Description of the task => Records follow. Print exactly the lines from the one that has "В итоге отчет" through the one that has "На территории имеется", inclusive, and omit the pictures.

Extracted data entries =>
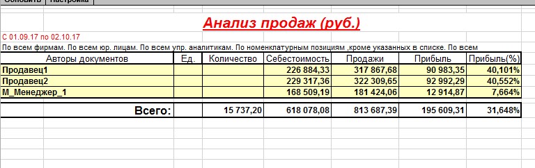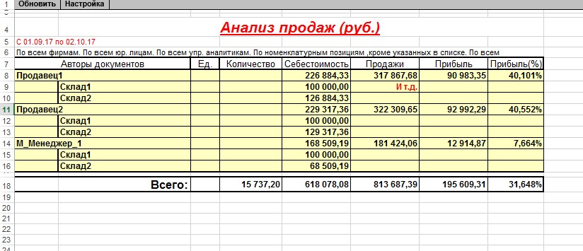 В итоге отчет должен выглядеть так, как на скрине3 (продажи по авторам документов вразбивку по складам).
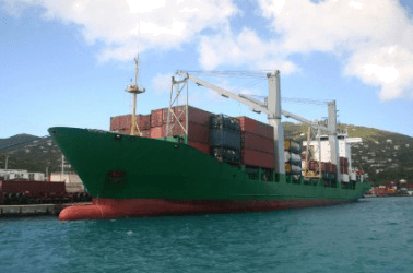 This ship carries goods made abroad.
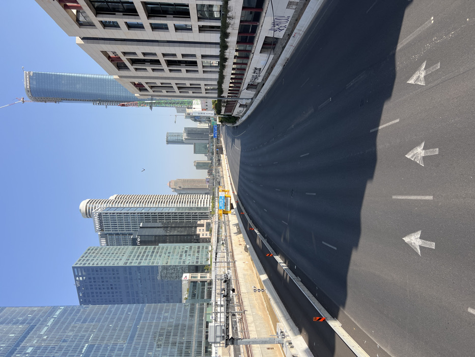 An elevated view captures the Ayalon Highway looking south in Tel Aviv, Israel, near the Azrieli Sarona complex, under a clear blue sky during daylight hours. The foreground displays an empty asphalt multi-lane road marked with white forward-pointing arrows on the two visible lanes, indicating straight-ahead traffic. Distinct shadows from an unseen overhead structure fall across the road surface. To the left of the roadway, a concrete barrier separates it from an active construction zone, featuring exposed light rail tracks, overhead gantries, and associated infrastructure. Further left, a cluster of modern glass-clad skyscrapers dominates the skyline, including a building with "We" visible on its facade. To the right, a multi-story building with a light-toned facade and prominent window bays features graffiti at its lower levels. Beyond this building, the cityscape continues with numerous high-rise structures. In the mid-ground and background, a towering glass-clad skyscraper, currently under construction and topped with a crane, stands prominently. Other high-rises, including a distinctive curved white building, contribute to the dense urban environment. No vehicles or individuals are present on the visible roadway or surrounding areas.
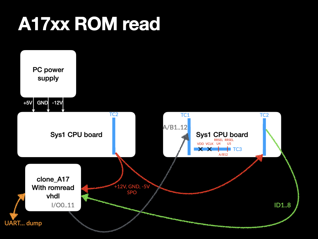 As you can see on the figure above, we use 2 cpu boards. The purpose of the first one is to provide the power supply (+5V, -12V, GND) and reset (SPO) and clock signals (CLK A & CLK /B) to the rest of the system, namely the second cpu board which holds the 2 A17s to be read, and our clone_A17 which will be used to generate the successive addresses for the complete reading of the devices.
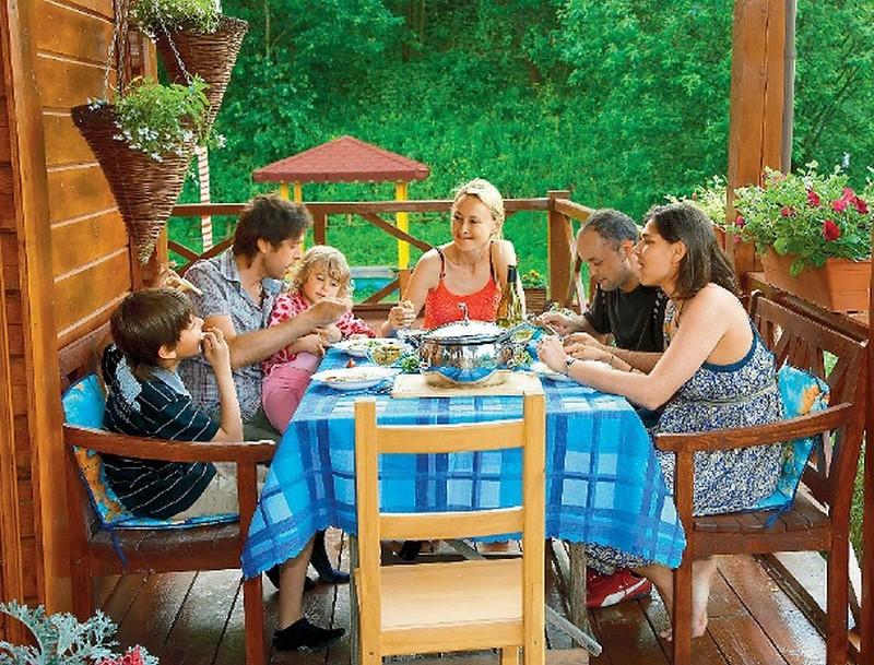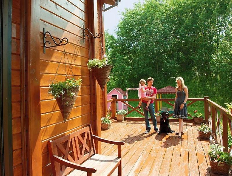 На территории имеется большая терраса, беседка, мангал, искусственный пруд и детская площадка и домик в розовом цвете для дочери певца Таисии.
--
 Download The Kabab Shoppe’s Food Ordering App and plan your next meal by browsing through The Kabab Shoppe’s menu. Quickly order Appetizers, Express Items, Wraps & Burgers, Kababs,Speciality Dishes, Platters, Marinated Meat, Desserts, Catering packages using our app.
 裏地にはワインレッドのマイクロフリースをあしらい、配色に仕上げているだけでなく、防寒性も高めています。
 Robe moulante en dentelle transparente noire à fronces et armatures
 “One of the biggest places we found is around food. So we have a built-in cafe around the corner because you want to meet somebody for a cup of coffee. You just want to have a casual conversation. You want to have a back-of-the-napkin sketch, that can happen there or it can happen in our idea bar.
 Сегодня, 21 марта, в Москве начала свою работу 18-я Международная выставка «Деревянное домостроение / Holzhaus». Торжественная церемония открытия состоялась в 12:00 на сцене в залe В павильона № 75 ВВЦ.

Output =>
 В итоге отчет должен выглядеть так, как на скрине3 (продажи по авторам документов вразбивку по складам).
 This ship carries goods made abroad.
 An elevated view captures the Ayalon Highway looking south in Tel Aviv, Israel, near the Azrieli Sarona complex, under a clear blue sky during daylight hours. The foreground displays an empty asphalt multi-lane road marked with white forward-pointing arrows on the two visible lanes, indicating straight-ahead traffic. Distinct shadows from an unseen overhead structure fall across the road surface. To the left of the roadway, a concrete barrier separates it from an active construction zone, featuring exposed light rail tracks, overhead gantries, and associated infrastructure. Further left, a cluster of modern glass-clad skyscrapers dominates the skyline, including a building with "We" visible on its facade. To the right, a multi-story building with a light-toned facade and prominent window bays features graffiti at its lower levels. Beyond this building, the cityscape continues with numerous high-rise structures. In the mid-ground and background, a towering glass-clad skyscraper, currently under construction and topped with a crane, stands prominently. Other high-rises, including a distinctive curved white building, contribute to the dense urban environment. No vehicles or individuals are present on the visible roadway or surrounding areas.
 As you can see on the figure above, we use 2 cpu boards. The purpose of the first one is to provide the power supply (+5V, -12V, GND) and reset (SPO) and clock signals (CLK A & CLK /B) to the rest of the system, namely the second cpu board which holds the 2 A17s to be read, and our clone_A17 which will be used to generate the successive addresses for the complete reading of the devices.
 На территории имеется большая терраса, беседка, мангал, искусственный пруд и детская площадка и домик в розовом цвете для дочери певца Таисии.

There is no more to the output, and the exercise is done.